DATA FOR PROCESSING:
▽

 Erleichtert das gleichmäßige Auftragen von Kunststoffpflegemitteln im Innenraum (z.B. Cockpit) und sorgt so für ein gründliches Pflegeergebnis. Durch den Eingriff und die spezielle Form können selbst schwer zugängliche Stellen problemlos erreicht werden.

△
▽

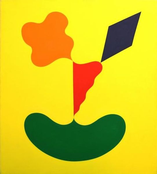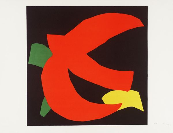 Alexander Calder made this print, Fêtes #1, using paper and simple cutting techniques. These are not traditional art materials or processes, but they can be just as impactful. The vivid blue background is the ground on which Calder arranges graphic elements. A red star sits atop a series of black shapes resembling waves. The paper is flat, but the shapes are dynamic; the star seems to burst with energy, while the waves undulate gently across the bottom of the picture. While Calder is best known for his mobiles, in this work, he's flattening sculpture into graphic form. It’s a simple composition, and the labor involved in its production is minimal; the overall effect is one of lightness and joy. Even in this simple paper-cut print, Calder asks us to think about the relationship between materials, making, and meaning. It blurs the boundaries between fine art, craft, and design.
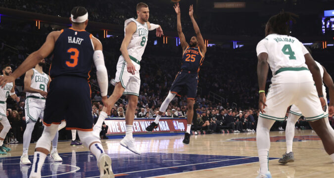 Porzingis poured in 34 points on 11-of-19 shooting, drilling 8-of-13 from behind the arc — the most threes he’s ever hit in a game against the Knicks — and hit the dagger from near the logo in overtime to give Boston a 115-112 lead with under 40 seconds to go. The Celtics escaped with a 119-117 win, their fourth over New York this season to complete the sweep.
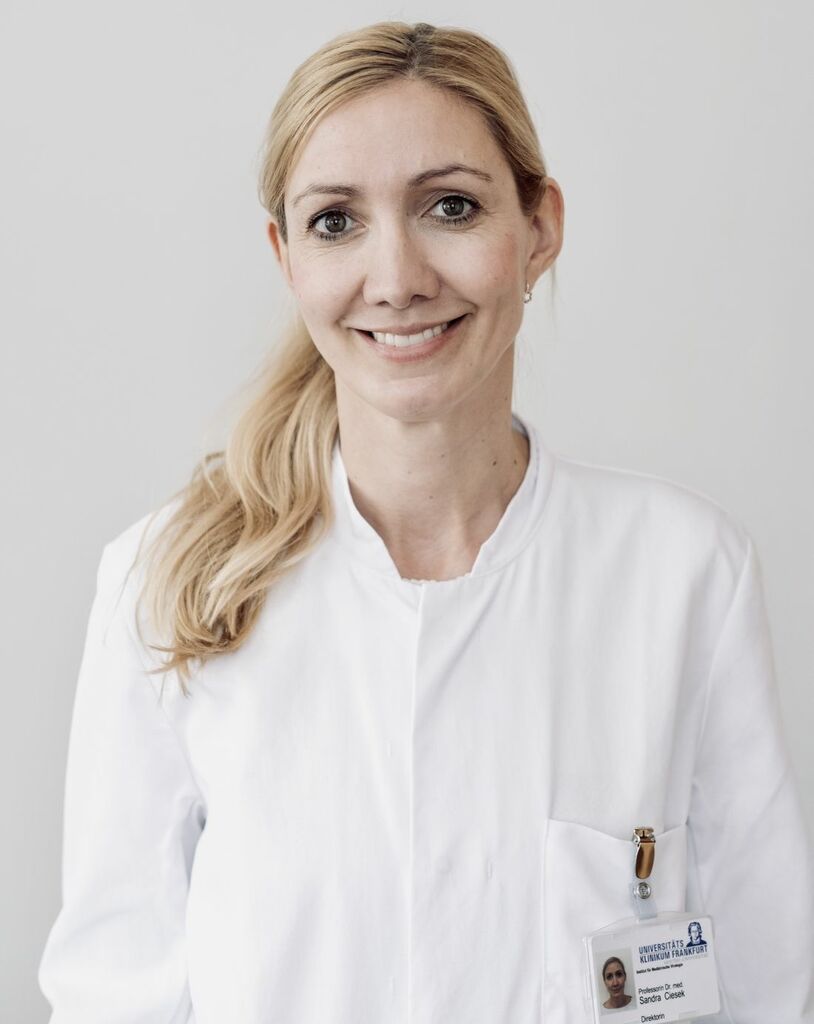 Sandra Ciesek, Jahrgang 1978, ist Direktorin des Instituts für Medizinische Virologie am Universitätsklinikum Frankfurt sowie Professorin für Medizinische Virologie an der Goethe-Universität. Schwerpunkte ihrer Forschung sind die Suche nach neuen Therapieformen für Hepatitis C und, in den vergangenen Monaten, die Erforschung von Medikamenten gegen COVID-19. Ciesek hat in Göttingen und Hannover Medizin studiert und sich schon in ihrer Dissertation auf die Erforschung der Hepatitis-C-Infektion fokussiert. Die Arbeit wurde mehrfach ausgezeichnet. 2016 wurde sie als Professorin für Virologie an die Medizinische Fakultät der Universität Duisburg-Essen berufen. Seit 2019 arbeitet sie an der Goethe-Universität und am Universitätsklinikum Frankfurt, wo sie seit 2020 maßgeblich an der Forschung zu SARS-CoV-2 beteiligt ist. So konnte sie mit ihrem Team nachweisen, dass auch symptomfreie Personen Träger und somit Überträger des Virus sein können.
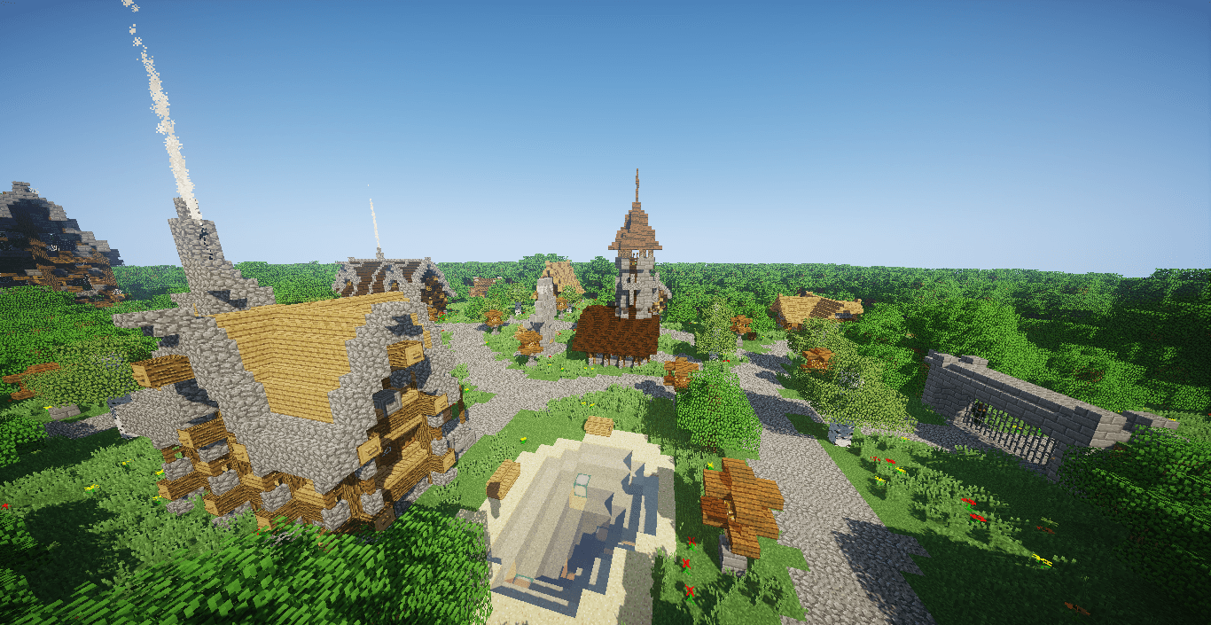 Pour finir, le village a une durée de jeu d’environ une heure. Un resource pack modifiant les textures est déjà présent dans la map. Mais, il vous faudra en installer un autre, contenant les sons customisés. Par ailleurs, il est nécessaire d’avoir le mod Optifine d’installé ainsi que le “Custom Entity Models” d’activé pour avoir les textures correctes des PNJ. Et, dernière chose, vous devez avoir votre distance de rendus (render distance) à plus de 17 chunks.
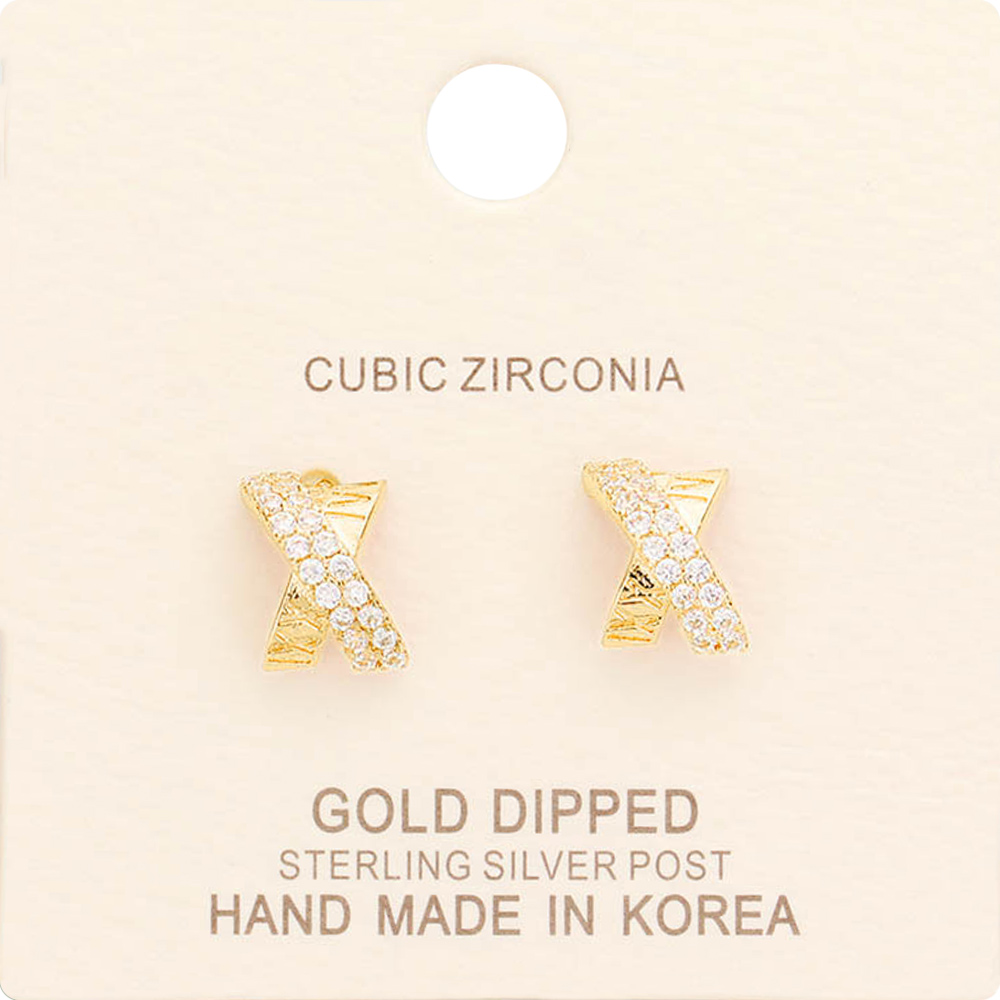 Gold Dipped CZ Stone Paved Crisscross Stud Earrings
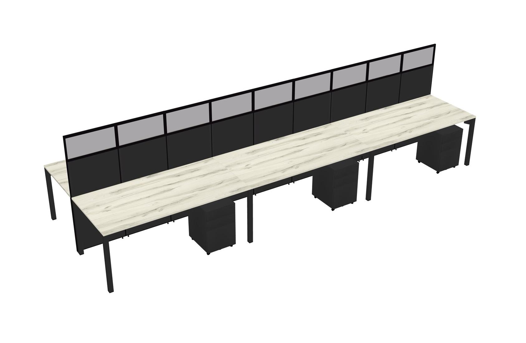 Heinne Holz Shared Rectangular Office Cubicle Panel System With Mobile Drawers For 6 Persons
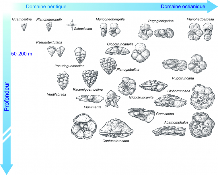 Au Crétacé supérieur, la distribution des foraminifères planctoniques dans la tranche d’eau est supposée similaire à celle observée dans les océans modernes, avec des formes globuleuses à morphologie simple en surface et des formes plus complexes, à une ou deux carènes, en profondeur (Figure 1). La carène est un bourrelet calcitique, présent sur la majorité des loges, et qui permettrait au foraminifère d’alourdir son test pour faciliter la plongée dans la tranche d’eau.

△

Exactly the lines starting at the one above with "Pour finir, le" and ending at the one with "Au Crétacé supérieur, la" should be printed, and nothing else. Omit the pictures.

TASK ANSWER:
 Pour finir, le village a une durée de jeu d’environ une heure. Un resource pack modifiant les textures est déjà présent dans la map. Mais, il vous faudra en installer un autre, contenant les sons customisés. Par ailleurs, il est nécessaire d’avoir le mod Optifine d’installé ainsi que le “Custom Entity Models” d’activé pour avoir les textures correctes des PNJ. Et, dernière chose, vous devez avoir votre distance de rendus (render distance) à plus de 17 chunks.
 Gold Dipped CZ Stone Paved Crisscross Stud Earrings
 Heinne Holz Shared Rectangular Office Cubicle Panel System With Mobile Drawers For 6 Persons
 Au Crétacé supérieur, la distribution des foraminifères planctoniques dans la tranche d’eau est supposée similaire à celle observée dans les océans modernes, avec des formes globuleuses à morphologie simple en surface et des formes plus complexes, à une ou deux carènes, en profondeur (Figure 1). La carène est un bourrelet calcitique, présent sur la majorité des loges, et qui permettrait au foraminifère d’alourdir son test pour faciliter la plongée dans la tranche d’eau.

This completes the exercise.